Forget the old “set it and forget it” model with fixed nightly rates for weeknights or weekends, high or low seasons. It’s time to empower your listings with dynamic pricing, automating nightly rates based on data-backed pricing suggestions.
To create a more sophisticated Airbnb pricing strategy, consider factors like seasonality, minimum night restrictions, gap nights, and occupancy. Adjusting prices in real-time with the PriceLabs Dynamic Pricing tool can significantly boost short-term rental earnings.

Implement Minimum Stay Restrictions
Vacation rental owners and property managers often use minimum length of stay restrictions to manage bookings effectively across different seasons and booking windows. This advanced feature helps optimize occupancy rates.

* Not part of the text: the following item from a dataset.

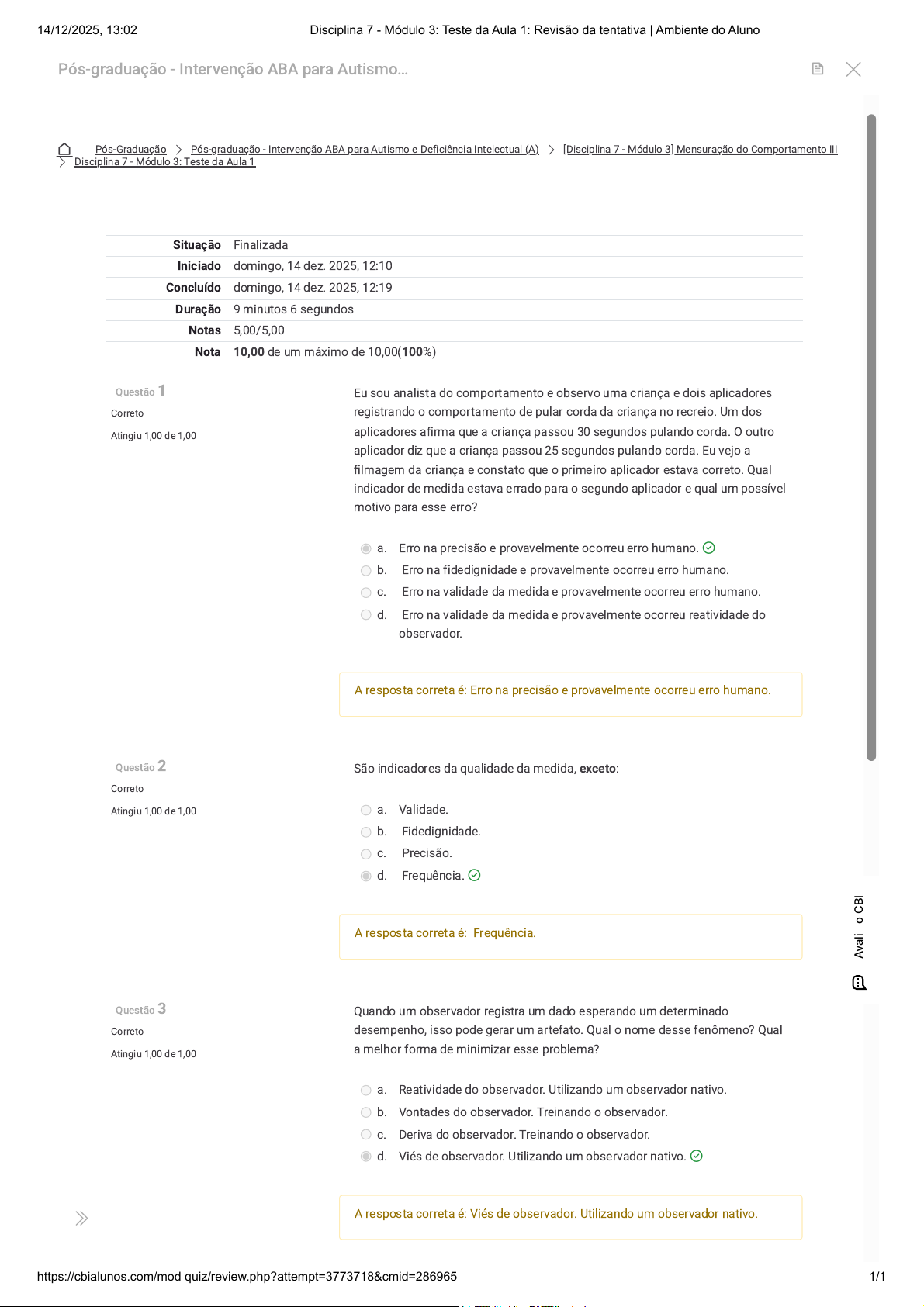 Pós-Graduação Pós-graduação - Intervenção ABA para Autismo e Deficiência Intelectual (A) [Disciplina 7 - Módulo 3] Mensuração do Comportamento III Disciplina 7 - Módulo 3: Teste da Aula 1 Questão 1 Correto Atingiu 1,00 de 1,00 Questão 2 Correto Atingiu 1,00 de 1,00 Questão 3 Correto Atingiu 1,00 de 1,00 Eu sou analista do comportamento e observo uma criança e dois aplicadores registrando o comportamento de pular corda da criança no recreio. Um dos aplicadores afirma que a criança passou 30 segundos pulando corda. O outro aplicador diz que a criança passou 25 segundos pulando corda. Eu vejo a filmagem da criança e constato que o primeiro aplicador estava correto. Qual indicador de medida estava errado para o segundo aplicador e qual um possível motivo para esse erro? a. Erro na precisão e provavelmente ocorreu erro humano. b. Erro na fidedignidade e provavelmente ocorreu erro humano. c. Erro na validade da medida e provavelmente ocorreu erro humano. d. Erro na validade da medida e provavelmente ocorreu reatividade do observador. A resposta correta é: Erro na precisão e provavelmente ocorreu erro humano. São indicadores da qualidade da medida, exceto: a. Validade. b. Fidedignidade. c. Precisão. d. Frequência. A resposta correta é: Frequência. Quando um observador registra um dado esperando um determinado desempenho, isso pode gerar um artefato. Qual o nome desse fenômeno? Qual a melhor forma de minimizar esse problema? a. Reatividade do observador. Utilizando um observador nativo. b. Vontades do observador. Treinando o observador. c. Deriva do observador. Treinando o observador. d. Viés de observador. Utilizando um observador nativo. A resposta correta é: Viés de observador. Utilizando um observador nativo. Situação Finalizada Iniciado domingo, 14 dez. 2025, 12:10 Concluído domingo, 14 dez. 2025, 12:19 Duração 9 minutos 6 segundos Notas 5,00/5,00 Nota 10,00 de um máximo de 10,00(100%) Av al ie o C BI Pós-graduação - Intervenção ABA para Autismo… 14/12/2025, 13:02 Disciplina 7 - Módulo 3: Teste da Aula 1: Revisão da tentativa | Ambiente do Aluno https://cbialunos.com/mod/quiz/review.php?attempt=3773718&cmid=286965 1/1 https://cbialunos.com/course/index.php?categoryid=7 https://cbialunos.com/course/view.php?id=349 https://cbialunos.com/course/section.php?id=13225 https://cbialunos.com/mod/quiz/view.php?id=286965 https://cbialunos.com/my/courses.php https://cbialunos.com/course/view.php?id=349 https://cbialunos.com/course/view.php?id=349&mb2sct=24

For instance, during high-demand seasons, such as a week-long festival, property managers might require a minimum stay of seven days to capitalize on the influx of guests seeking longer bookings. This strategy ensures higher occupancy during peak periods and compensates for lower occupancy during off-seasons.
However, using minimum stay restrictions requires a thorough understanding of your market and booking trends. Setting a longer minimum stay when the trend favors shorter stays can lead to missed booking opportunities. Anticipating guest needs and aligning your strategy with market demands can make this approach highly profitable.
More Beds Equal More Guests
Travelers often prefer larger groups to split costs, making accommodation more affordable. You can attract more guests by making your vacation rental suitable for larger groups and providing more sleeping arrangements. Additionally, you can charge extra to accommodate additional guests, increasing your rental income.
Target Business Travelers During Non-Peak Seasons
Seasonal tourism can make it challenging to secure bookings during off-peak months. However, business travelers and digital nomads travel year-round. You can maintain steady bookings throughout the year by making your rental appealing to this group.
Consider offering discounts for extended stays, reliable Wi-Fi, and a comfortable work-from-home setup. Marketing your property to business travelers and remote workers can help ensure consistent bookings, even during non-peak seasons.
By adopting dynamic pricing and these intelligent strategies, you can maximize your vacation rental’s potential, ensuring higher occupancy and increased revenue.
Key Takeaways:
- Dynamic pricing adapts rates based on real-time market demand, optimizing revenue for vacation rental owners.
- Automated pricing adjustments save time and ensure competitiveness in a rapidly changing market.
- Choosing the right dynamic pricing tool involves considering integration, pricing plans, and user interface.
- Implementation of dynamic pricing strategies, like minimum stay restrictions, targets specific guest segments to maximize occupancy and revenue.
- By embracing dynamic pricing, vacation rental owners can stay competitive, adapt to market changes, and optimize revenue potential.